_The data_
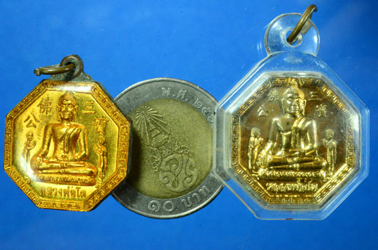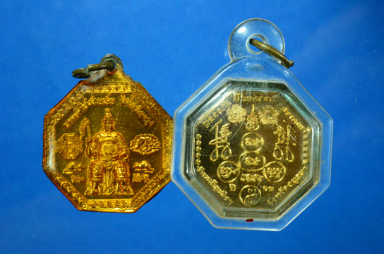 100 ส่งด่วน*เหรียญแปดเหลี่ยม หลวงพ่อโต วัดพนัญเชิง เนื้อกะไหล่ทอง หลังเทพจีน จ.อยุธยา สวยครับ2 เหรียญ |
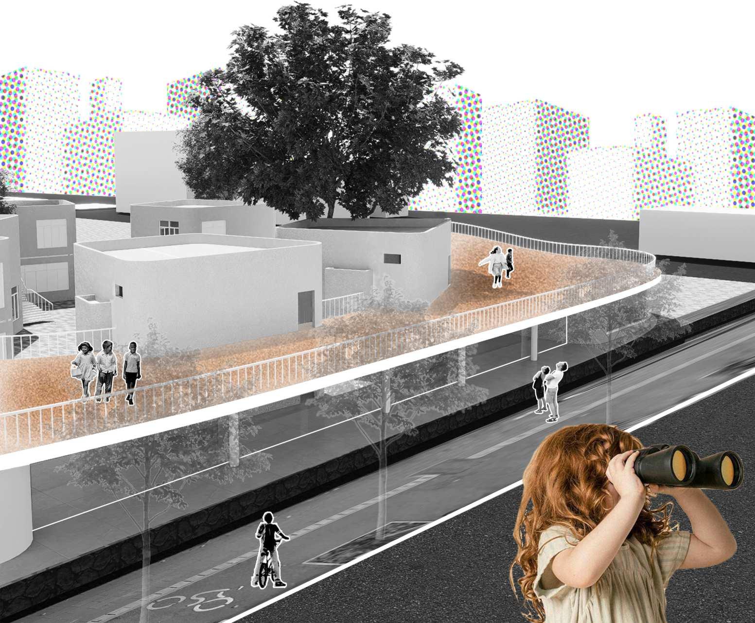 较高的平面:利用高度差创造新的边界,为 孩子们提供了一个看待社区的新视角。
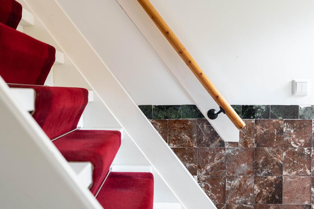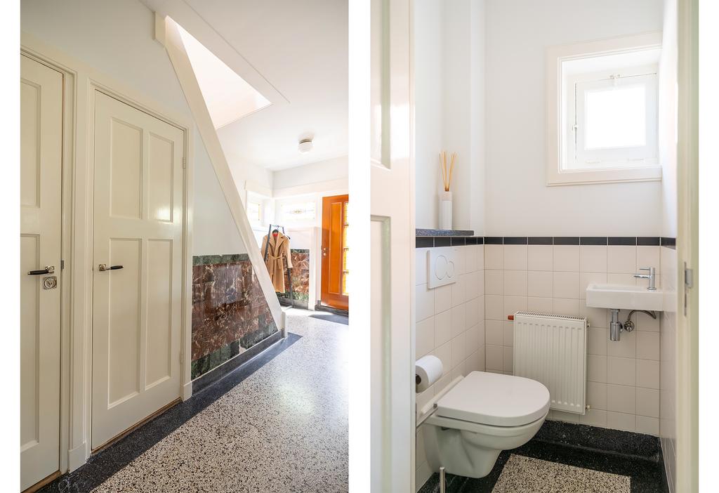 Via de prachtige entree kom in je de hal. Bij binnenkomst in de hal zie en proef je de sfeer die deze woningen zo populair maakt met de oude tegellambrisering, de granitovloer die in ere is hersteld, de hoge plafonds en de paneeldeuren.

_Instructions for the task_
The full data, repeated exactly and stripped of its pictures, is the expected answer.

_Output for this task_
 100 ส่งด่วน*เหรียญแปดเหลี่ยม หลวงพ่อโต วัดพนัญเชิง เนื้อกะไหล่ทอง หลังเทพจีน จ.อยุธยา สวยครับ2 เหรียญ |
 较高的平面:利用高度差创造新的边界,为 孩子们提供了一个看待社区的新视角。
 Via de prachtige entree kom in je de hal. Bij binnenkomst in de hal zie en proef je de sfeer die deze woningen zo populair maakt met de oude tegellambrisering, de granitovloer die in ere is hersteld, de hoge plafonds en de paneeldeuren.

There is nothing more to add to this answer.